PROBLEM DESCRIPTION » Using the data that follows, output only the lines from the line with "Stay connected to" up to and including the line with "Professional Certificate in", exactly, leaving pictures aside.

DATASET »
┏━━

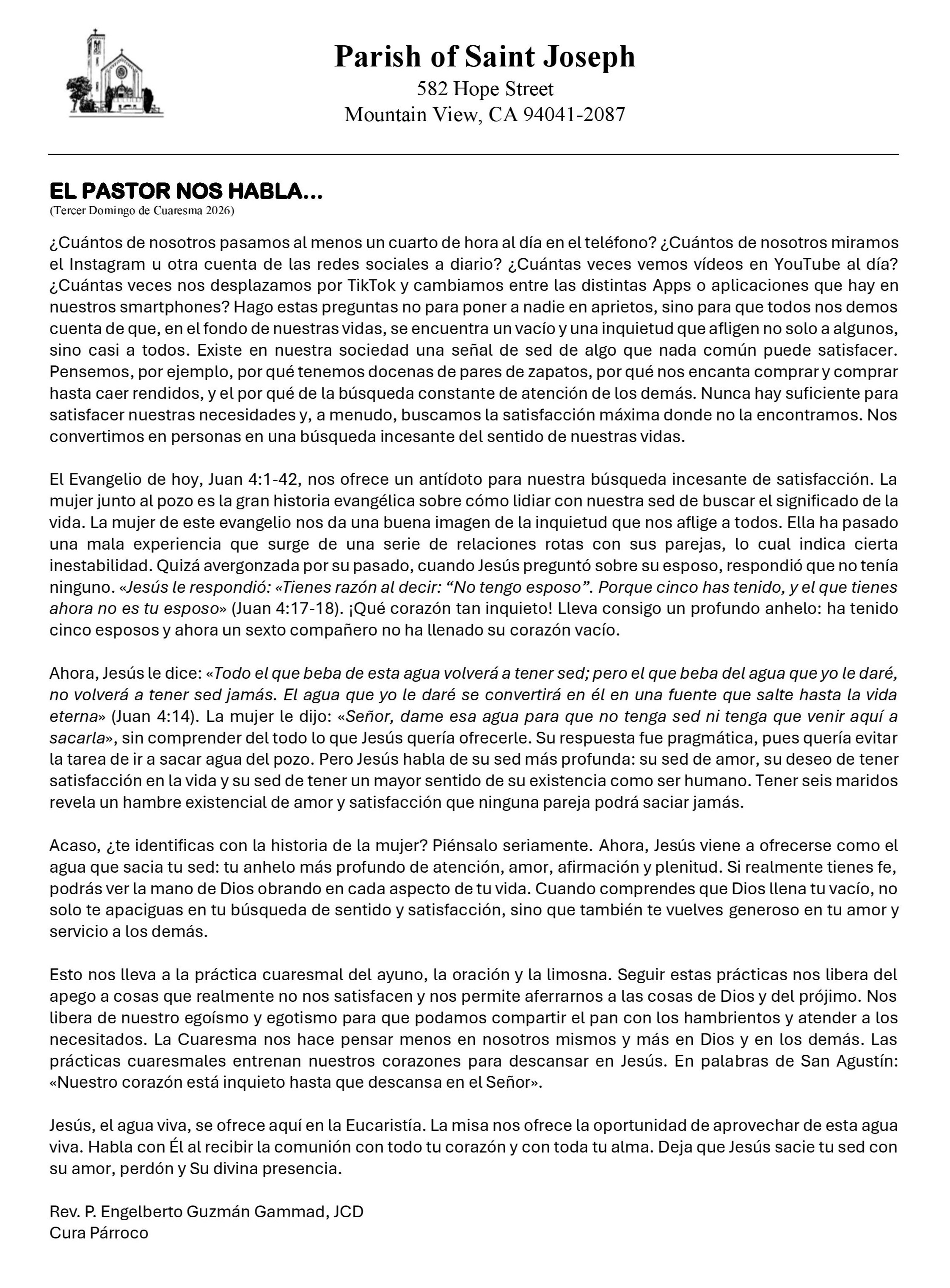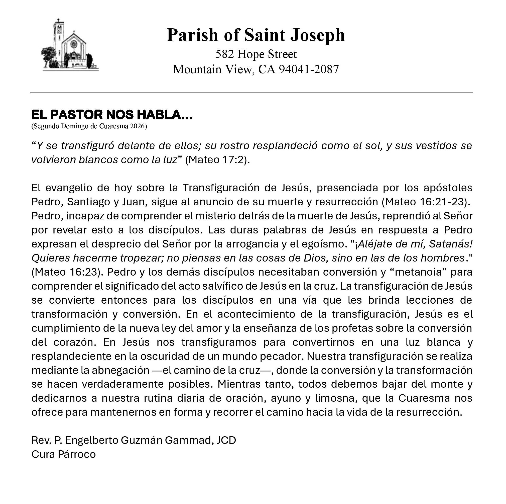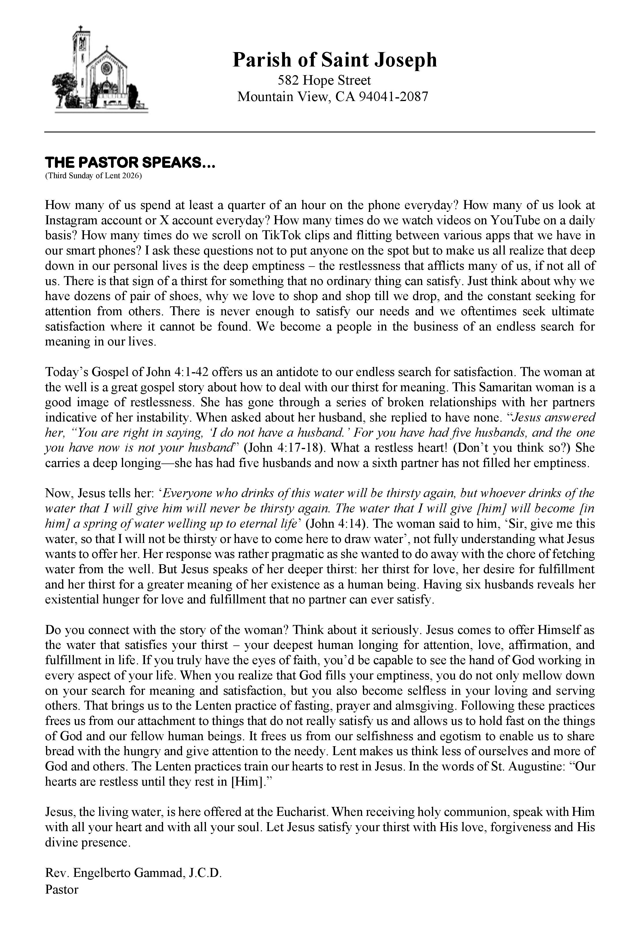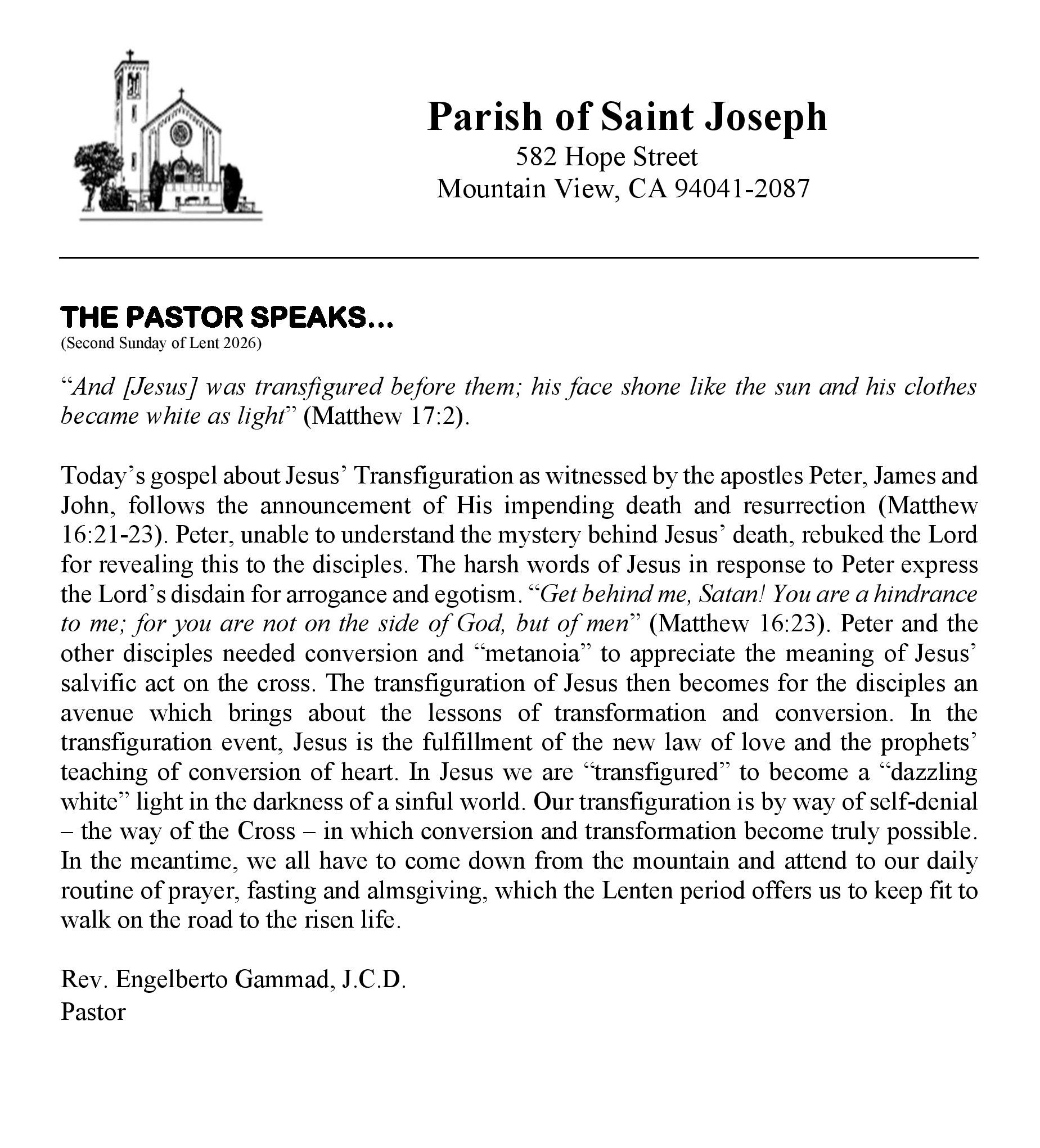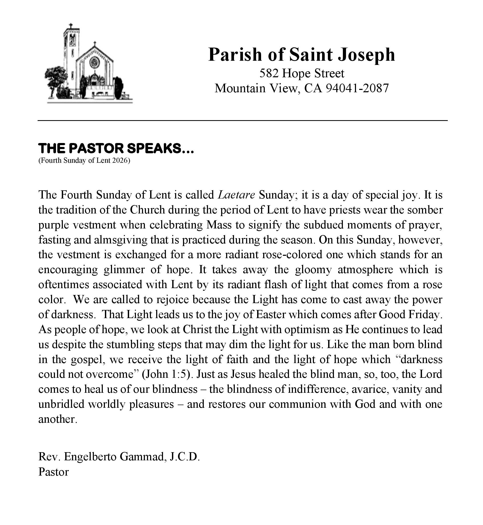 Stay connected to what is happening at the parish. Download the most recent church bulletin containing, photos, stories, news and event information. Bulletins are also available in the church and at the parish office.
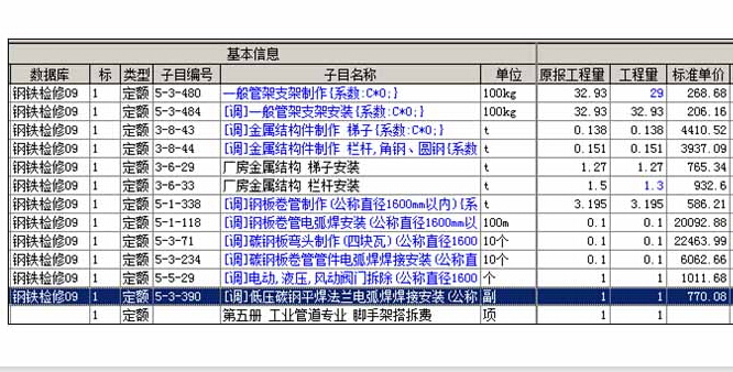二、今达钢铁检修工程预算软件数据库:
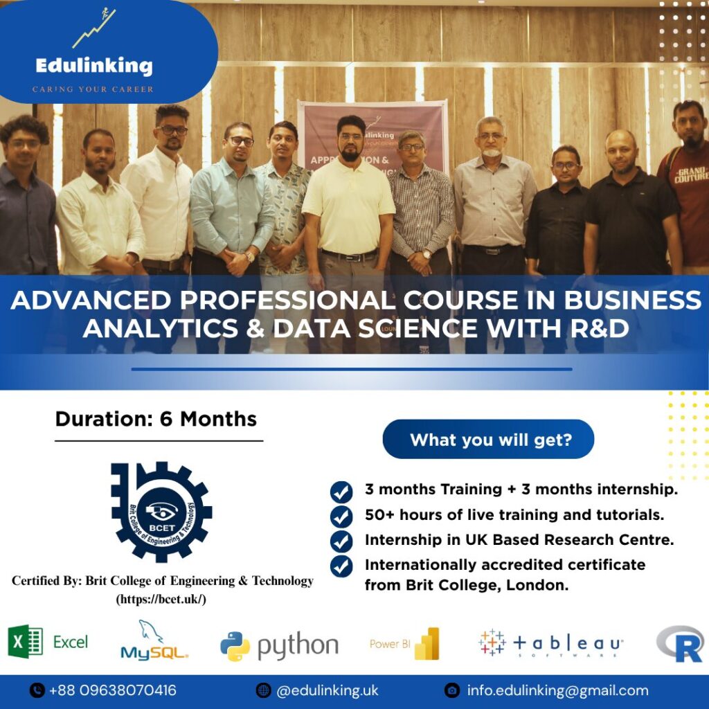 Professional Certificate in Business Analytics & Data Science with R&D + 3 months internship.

┗━━
┏━━

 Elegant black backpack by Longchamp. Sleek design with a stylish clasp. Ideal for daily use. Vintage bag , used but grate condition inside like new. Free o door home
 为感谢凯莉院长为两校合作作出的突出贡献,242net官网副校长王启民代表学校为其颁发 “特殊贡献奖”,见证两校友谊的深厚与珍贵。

┗━━

RESULT OF THIS TASK »
 Stay connected to what is happening at the parish. Download the most recent church bulletin containing, photos, stories, news and event information. Bulletins are also available in the church and at the parish office.
二、今达钢铁检修工程预算软件数据库:
 Professional Certificate in Business Analytics & Data Science with R&D + 3 months internship.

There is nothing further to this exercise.